#### [Work to complete]
Go through the data below and copy each line that includes "with".

#### [Records shown]
----------
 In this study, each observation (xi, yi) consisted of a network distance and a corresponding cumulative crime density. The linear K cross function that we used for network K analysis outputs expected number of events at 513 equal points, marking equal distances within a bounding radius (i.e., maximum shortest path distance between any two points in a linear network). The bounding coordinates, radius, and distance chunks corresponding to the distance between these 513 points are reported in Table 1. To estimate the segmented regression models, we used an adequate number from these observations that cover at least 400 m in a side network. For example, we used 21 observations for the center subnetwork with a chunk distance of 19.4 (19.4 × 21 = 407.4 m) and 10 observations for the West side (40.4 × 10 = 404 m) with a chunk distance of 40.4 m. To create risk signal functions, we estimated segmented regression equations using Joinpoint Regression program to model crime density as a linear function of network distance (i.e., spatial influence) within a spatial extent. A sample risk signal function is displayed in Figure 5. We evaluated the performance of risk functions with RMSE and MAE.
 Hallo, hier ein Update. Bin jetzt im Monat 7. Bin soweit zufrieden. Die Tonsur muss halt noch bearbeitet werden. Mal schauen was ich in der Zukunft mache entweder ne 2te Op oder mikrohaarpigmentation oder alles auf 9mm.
----------
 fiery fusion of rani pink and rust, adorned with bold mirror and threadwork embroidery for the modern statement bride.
----------
#### [Exercise output]
 In this study, each observation (xi, yi) consisted of a network distance and a corresponding cumulative crime density. The linear K cross function that we used for network K analysis outputs expected number of events at 513 equal points, marking equal distances within a bounding radius (i.e., maximum shortest path distance between any two points in a linear network). The bounding coordinates, radius, and distance chunks corresponding to the distance between these 513 points are reported in Table 1. To estimate the segmented regression models, we used an adequate number from these observations that cover at least 400 m in a side network. For example, we used 21 observations for the center subnetwork with a chunk distance of 19.4 (19.4 × 21 = 407.4 m) and 10 observations for the West side (40.4 × 10 = 404 m) with a chunk distance of 40.4 m. To create risk signal functions, we estimated segmented regression equations using Joinpoint Regression program to model crime density as a linear function of network distance (i.e., spatial influence) within a spatial extent. A sample risk signal function is displayed in Figure 5. We evaluated the performance of risk functions with RMSE and MAE.
 fiery fusion of rani pink and rust, adorned with bold mirror and threadwork embroidery for the modern statement bride.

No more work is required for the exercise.